The scheme also reinforces the view that handing control to the users of public services,
even in unlikely circumstances, can yield better results. It is perhaps the most radical
application yet of “personalised budgets", increasingly used in Britain for the disabled and
chronically ill. [. . .]
The Economist Nov 4th 2010
I. VERSION (sur 20 points)
Traduire le titre et à partir de “When the workers ...” jusqu’à “...as they wished”. (De la ligne
1 jusqu’à la ligne 8)
II. QUESTIONS (sur 40 points)
1. Question de compréhension du texte.
What recent experiment has been carried out in England to deal with homelessness?
(150 mots + ou - 10%* ; sur 20 points)
2. Question d’expression personnelle.
Public help, individual generosity or both? Which approach would you support to help those
in need?
(250 mots + ou - 10% * ; sur 20 points)
* Le non-respect de ces normes sera sanctionné. Indiquer le nombre de mots utilisés.

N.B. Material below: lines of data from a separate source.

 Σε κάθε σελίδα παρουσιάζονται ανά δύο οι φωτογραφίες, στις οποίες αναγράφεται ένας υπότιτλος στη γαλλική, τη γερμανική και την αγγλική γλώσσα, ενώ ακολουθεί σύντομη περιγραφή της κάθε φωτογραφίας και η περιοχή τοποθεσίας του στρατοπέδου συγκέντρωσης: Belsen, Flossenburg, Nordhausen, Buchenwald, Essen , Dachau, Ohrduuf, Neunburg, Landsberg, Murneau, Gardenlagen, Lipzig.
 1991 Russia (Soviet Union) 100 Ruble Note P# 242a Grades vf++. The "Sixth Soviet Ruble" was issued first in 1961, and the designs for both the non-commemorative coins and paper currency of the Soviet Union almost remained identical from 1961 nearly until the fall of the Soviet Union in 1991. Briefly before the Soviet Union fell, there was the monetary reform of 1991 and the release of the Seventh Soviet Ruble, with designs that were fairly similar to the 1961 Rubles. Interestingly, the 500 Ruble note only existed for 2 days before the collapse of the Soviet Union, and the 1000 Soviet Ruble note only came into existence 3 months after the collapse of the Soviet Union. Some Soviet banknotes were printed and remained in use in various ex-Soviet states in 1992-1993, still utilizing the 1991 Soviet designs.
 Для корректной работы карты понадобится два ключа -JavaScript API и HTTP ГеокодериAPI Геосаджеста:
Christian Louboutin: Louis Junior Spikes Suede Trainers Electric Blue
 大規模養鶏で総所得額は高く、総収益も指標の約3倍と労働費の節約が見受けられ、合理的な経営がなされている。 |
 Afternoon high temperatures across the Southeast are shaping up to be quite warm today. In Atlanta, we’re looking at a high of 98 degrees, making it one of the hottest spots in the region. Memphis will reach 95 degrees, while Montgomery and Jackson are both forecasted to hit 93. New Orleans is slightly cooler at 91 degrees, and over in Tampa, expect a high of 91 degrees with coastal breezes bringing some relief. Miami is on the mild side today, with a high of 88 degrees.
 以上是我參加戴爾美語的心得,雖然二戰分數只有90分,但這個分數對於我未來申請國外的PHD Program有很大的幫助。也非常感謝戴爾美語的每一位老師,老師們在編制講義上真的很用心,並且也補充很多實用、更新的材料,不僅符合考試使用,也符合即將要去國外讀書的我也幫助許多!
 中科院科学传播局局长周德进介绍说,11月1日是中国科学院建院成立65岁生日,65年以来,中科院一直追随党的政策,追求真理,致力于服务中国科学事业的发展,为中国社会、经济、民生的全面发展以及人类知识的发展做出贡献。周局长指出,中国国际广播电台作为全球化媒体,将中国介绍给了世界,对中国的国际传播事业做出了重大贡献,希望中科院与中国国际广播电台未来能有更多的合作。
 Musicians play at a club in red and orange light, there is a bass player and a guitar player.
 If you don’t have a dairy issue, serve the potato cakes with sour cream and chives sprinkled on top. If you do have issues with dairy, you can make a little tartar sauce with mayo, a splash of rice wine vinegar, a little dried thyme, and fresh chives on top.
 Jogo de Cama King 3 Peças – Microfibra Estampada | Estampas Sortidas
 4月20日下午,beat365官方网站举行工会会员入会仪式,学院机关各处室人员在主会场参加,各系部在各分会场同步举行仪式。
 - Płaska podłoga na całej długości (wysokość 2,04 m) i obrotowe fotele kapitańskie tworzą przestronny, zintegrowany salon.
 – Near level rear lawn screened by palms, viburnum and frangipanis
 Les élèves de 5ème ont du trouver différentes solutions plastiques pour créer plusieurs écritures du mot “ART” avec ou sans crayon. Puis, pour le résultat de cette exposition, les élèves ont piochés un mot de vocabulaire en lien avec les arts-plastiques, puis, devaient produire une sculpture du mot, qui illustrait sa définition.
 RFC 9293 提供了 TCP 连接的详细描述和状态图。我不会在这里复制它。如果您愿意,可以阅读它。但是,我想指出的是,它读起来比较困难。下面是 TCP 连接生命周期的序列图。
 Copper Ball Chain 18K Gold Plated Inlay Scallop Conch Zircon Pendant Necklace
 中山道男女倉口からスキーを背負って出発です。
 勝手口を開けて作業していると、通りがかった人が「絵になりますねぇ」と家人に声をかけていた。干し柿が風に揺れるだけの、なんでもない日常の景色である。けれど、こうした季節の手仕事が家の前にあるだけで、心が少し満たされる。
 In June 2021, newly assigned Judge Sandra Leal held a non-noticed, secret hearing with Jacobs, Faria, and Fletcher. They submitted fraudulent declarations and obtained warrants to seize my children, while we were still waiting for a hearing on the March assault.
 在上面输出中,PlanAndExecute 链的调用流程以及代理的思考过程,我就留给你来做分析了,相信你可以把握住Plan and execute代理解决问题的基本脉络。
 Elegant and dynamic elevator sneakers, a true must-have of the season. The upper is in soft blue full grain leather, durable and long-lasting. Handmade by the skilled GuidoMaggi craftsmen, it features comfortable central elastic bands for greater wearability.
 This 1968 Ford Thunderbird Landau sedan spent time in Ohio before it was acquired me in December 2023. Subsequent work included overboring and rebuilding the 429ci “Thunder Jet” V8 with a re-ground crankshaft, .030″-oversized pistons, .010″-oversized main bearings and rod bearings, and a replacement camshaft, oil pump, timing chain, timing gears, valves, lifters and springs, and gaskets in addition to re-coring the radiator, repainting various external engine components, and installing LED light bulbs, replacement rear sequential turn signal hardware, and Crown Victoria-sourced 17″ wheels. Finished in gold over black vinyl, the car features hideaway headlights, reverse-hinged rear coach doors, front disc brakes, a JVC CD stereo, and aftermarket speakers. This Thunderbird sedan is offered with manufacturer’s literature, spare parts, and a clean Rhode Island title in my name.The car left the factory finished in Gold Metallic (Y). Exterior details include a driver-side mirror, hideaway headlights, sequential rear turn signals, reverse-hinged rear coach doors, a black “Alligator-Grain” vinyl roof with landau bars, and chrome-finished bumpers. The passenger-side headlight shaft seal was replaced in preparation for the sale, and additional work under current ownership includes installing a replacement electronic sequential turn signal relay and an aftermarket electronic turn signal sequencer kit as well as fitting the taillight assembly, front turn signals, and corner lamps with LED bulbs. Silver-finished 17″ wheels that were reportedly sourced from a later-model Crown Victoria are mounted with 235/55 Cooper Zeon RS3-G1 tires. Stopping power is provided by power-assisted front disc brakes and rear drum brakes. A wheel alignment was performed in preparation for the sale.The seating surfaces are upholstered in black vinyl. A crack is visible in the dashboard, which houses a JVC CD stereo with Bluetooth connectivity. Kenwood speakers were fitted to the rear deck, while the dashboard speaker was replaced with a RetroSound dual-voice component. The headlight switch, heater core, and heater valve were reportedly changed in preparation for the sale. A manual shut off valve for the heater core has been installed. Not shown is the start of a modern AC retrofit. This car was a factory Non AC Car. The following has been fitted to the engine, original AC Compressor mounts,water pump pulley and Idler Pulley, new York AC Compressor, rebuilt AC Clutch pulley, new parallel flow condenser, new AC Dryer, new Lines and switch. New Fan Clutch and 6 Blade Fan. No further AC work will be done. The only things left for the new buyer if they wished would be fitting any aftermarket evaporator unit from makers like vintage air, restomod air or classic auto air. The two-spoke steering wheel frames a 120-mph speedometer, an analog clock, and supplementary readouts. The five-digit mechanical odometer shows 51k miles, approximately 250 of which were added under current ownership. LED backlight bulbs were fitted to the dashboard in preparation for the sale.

III. THÈME (sur 20 points)
1. Les cinq meilleurs chercheurs du pays ont été convoqués par le premier ministre.
2. Les résultats économiques de l’année écoulée sont bien meilleurs que prévu.
3. La plupart des gens prétendent faire preuve d’honnêteté.
4. Le Prince de Galles donne de moins en moins de conférences.
5. Quoi qu’on en dise, les frais de scolarité doivent être augmentés.
6. ll y a encore cinq meubles à descendre, puis nous pourrons aller chercher les bagages.
7. Cela faisait quinze ans qu’on n’avait pas vu de telles inondations.
8. Il faudrait qu’il fasse réparer son lave-vaisselle dès que possible.
9. On dit de cette voiture qu’elle est la plus économique jamais produite.
10. En dépit des difficultés que connaît la croissance, l’économie du pays demeure stable.